Kemarin, harga minyak mentah menunjukkan tren stabil dengan kecenderungan menguat akibat adanya gangguan teknis pada beberapa fasilitas produksi utama. Kondisi ini memberikan dukungan moral bagi emas untuk tetap bertahan di zona hijau meskipun ada tekanan dari penguatan mata uang Dolar. Para pelaku pasar melihat kenaikan biaya energi sebagai faktor yang akan membuat inflasi tetap bertahan di atas target untuk jangka waktu yang lebih lama.

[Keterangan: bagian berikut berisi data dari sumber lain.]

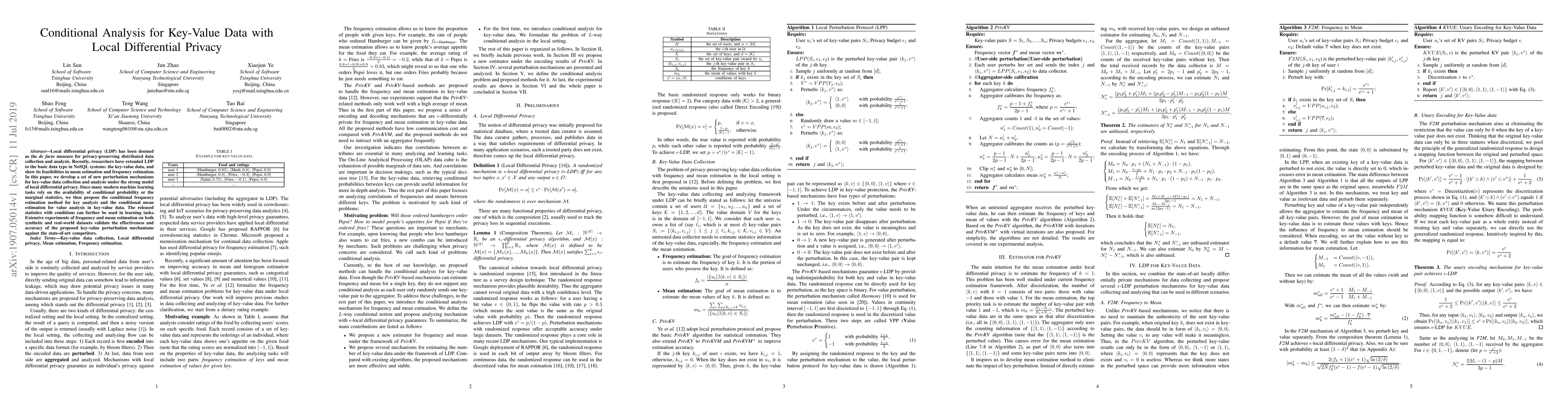 This paper introduces new perturbation mechanisms for local differential privacy in key-value data analysis, proposing conditional frequency and mean estimation methods to enhance privacy-preserving data collection. The effectiveness and accuracy of these mechanisms are validated through experiments on synthetic and real-world datasets.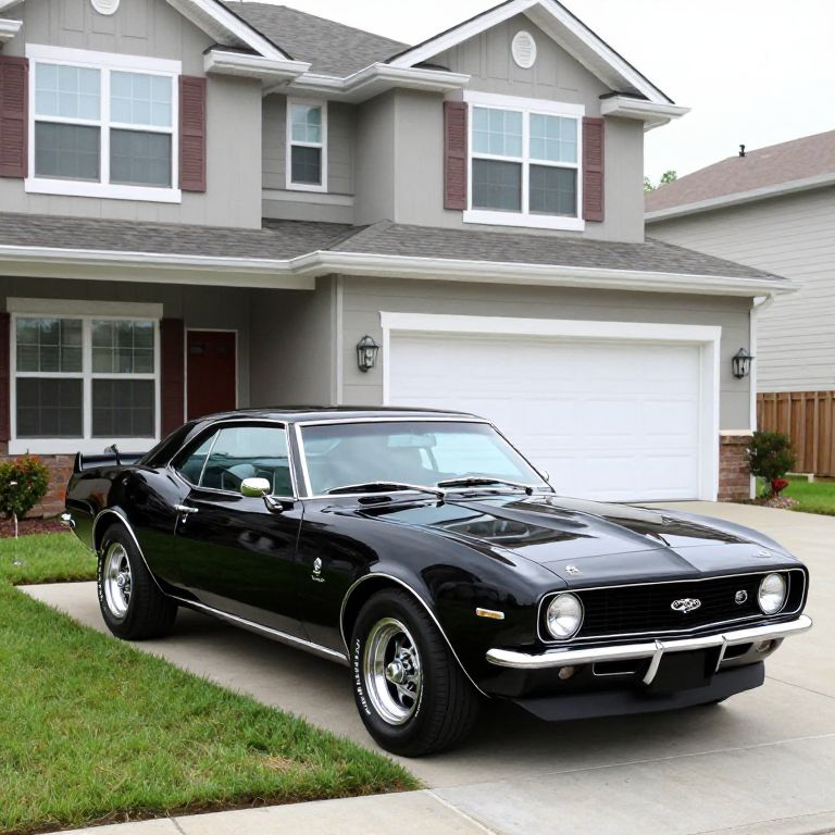 Shiny black 1967 Chevrolet Camaro parked in front of a two-story suburban home with a white garage door and neatly trimmed green lawn.

Dampaknya bagi hari ini adalah terlihatnya korelasi positif antara komoditas energi dan logam mulia di sesi perdagangan pagi. Emas mendapatkan dukungan dari pandangan bahwa daya beli mata uang fiat akan terus tergerus oleh biaya hidup yang meningkat. Hal ini memperkuat minat investasi jangka panjang pada emas sebagai langkah antisipasi terhadap tekanan inflasi yang dipicu oleh sektor energi di tahun 2026.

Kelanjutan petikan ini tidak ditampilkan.